Minister for Finance and Public Expenditure & Reform, Paschal Donohoe, T.D., has this evening (Monday) welcomed decisions taken earlier today by the European Commission and the European Financial Stability Facility (EFSF) to approve Ireland’s request for waivers from the proportionate early repayment clauses in Ireland’s European Financial Stabilisation Mechanism (EFSM) and EFSF loan agreements. This will allow Ireland to repay in full programme related loans from the IMF, Sweden and Denmark and marks a very considerable landmark. 

Speaking following today’s events, Minister Donohoe said: “The interest savings to the Exchequer from these early repayments are estimated to be of the order of €150m over the remaining life of the loans. This puts Ireland in a strong financial position for the future and ensures we are making further sustainable progress in reducing our national debt.

Actions taken in recent years, and the sacrifices made by our citizens, have laid the foundations for a solid and sustained economic recovery in Ireland – Ireland continues to be the fastest growing economy in the Euro Area and our sovereign funding position is comfortable. 
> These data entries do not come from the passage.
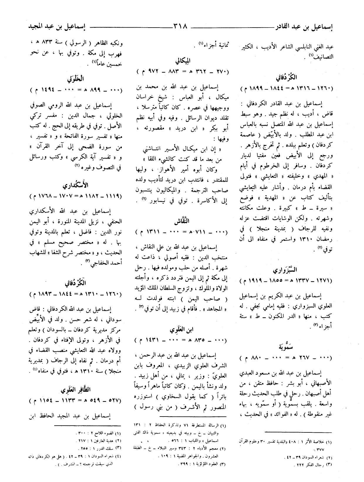 (1) خلاصة الأثر 1: 408 والبلدية تفسير 30 وعلوم القرآن 377.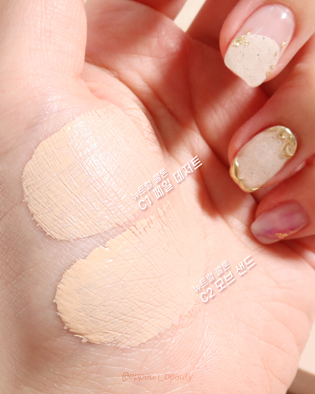 페일 데저트와 모브샌드 각각 다 발라봤을 때 겉으로 보기엔 그렇게 잘 구분이 안 감. 한쪽씩 같이 바르고 비교해보면 평소 13호, 17호 밝은 21호 사용하는 쿨톤 기준 확실히 페일 데저트가 더 피부톤이 화사해 보이고 잘 맞았다.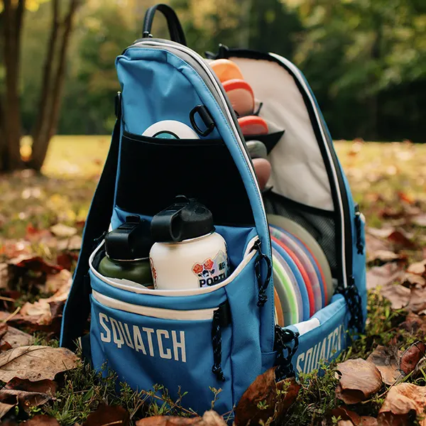 mycket förvaringsutrymme! Det finns fack till det mesta; discar, kläder, mobil/nycklar etc. Jag uppgraderade från en "medium bag" till denna. Den väger en hel del på ryggen om main facket samt de mindre "hyllorna" är fyllda, uppskattningsvis 3,5-4,5kg. Den är dock är bekväm att ha på ryggen då den är bra vadderad.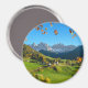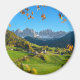 Round souvenir photo magnet with the village of St. Magdalena or Santa Maddalena with the characteristic church in front of the Geisler or Odle Dolomites mountain peaks in the Val di Funes valley (Villnoesstal) in Italy in autumn surrounded by autumn leaves.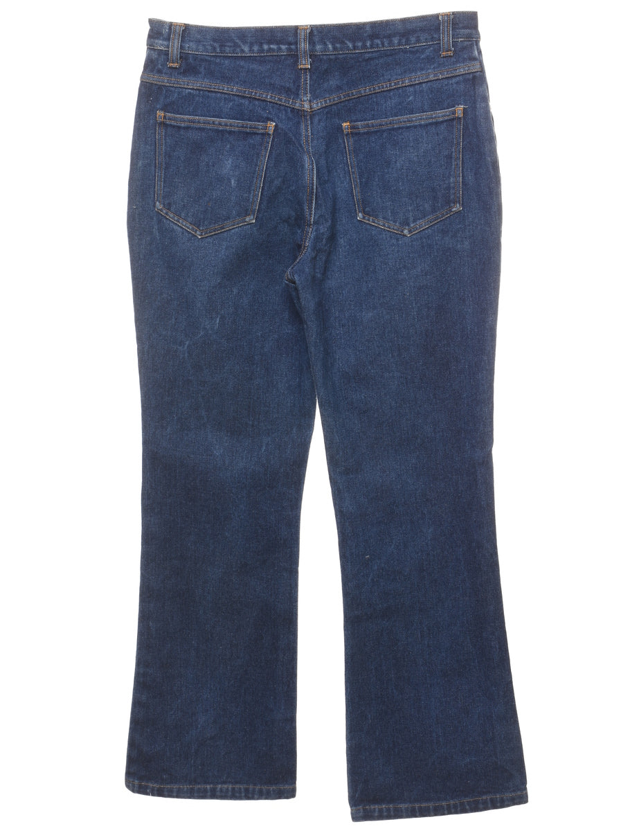 High waist bootcut jeans. Comes in indigo with multiple pockets and decorative trim.

Ireland greatly appreciates the support and assistance from the IMF and our European partners, which was provided at a time of great uncertainty and played a part in getting us on the path to recovery. As our country continues to recover we will keep making decisions that are in the best interest of our country, our future prosperity and, most importantly, our people.”



Notes to editors 

  • Early repayment of the loans requires agreement from the remaining Programme lenders – the European Financial Stabilisation Mechanism (EFSM), the European Financial Stability Facility (EFSF) and the UK – to waive the proportionate early repayment clauses in their respective loan agreements. Minister Donohoe has already received the required waiver from the UK Chancellor, Mr Philip Hammond.  
  • On receipt of the formal EFSM waiver from the European Commission and the EFSF waiver from the EFSF, the NTMA will now initiate the formal process of making the repayments on Ireland’s behalf.
  • Ireland’s outstanding programme related IMF debt (circa €4.5bn), and the bilateral loans from both Sweden, (€0.6bn), and Denmark, (€0.4bn), a total of circa €5.5bn has the potential to generate considerable interest savings and further improve Ireland’s debt sustainability, provide liquidity benefits and increase the ECB’s purchase capacity for Irish government bonds in its quantitative easing programme.